Structural analysis of high pressure treated Bacillus subtilis spores

The aim of this study was to investigate the internal structural changes in high pressure treated Bacillus subtilis spores and to correlate these changes with results from plate counts, flow cytometry and analysis of dipicolinic acid (DPA) release. For the scanning electron microscopic (EM) evaluation, a focused ion beam sectioning method was developed and compared with transmission EMs. Based on this set of methods, a mechanism was proposed in which 150 MPa at 37 °C induces a physiological-like DPA release, followed by degradation of the cortex and the DNA-binding small acid-soluble proteins (SASPs). Sectioned spores looked like hollow spheres and were inactivated prior to outgrowth. A pressure increase to 550 MPa retarded completion of germination and a porous internal network structure was visible by scanning EM, possibly indicating the lack of SASPs degradation. Higher pressures (600–900 MPa) and temperatures (60–80 °C) may inhibit the degradation of the spore cortex.Industrial relevanceThe high pressure thermal sterilization (HPTS) process is an emerging technology to produce high quality low acid food products, which are shelf-stable at ambient temperature. However, an industrial scale process has not yet been implemented. The mechanisms suggested in this paper may help to understand the mechanisms of inactivation of bacterial spores treated with various pressure and temperature combinations. In addition, a focused ion beam milling procedure was developed that enables the analysis of internal structure changes in bacterial endospores.
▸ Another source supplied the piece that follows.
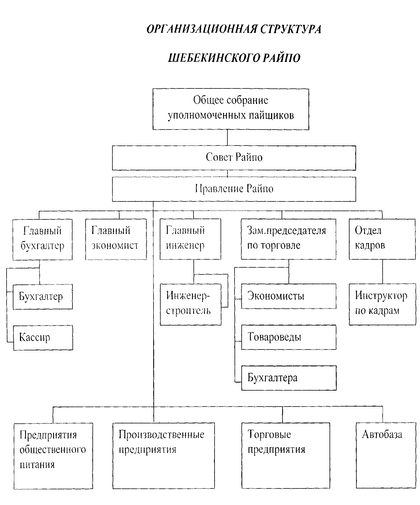 4. Показать организационно-экономическую характеристику Шебекинского райпо.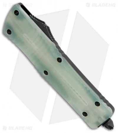 Microtech’s largest OTF production knife is named after the Troodon dinosaur. The Combat Troodon is the really large version of the popular Troodon. Despite the size, the handle feels slim and comfortable. The double-edged dagger style blade is both attractive and functional and the action is Microtech excellent.

These three-dimensional scanning electron micrographs (EMs), which have a reasonable resolution, could allow individual spore tomography, and not only for pressure treated spores.

► A fast focused ion beam sectioning method for SEM imaging of spores was developed.
► Pressure and temperature dependent spore inactivation mechanisms were proposed.
► 150 MPa and 37 °C induce a physiological-like germination including SASP degradation.
► 550 MPa and 37 °C disable the completion of stage II of germination.
► Above 600 MPa and 60 °C, structural changes in the inner spore membrane may occur.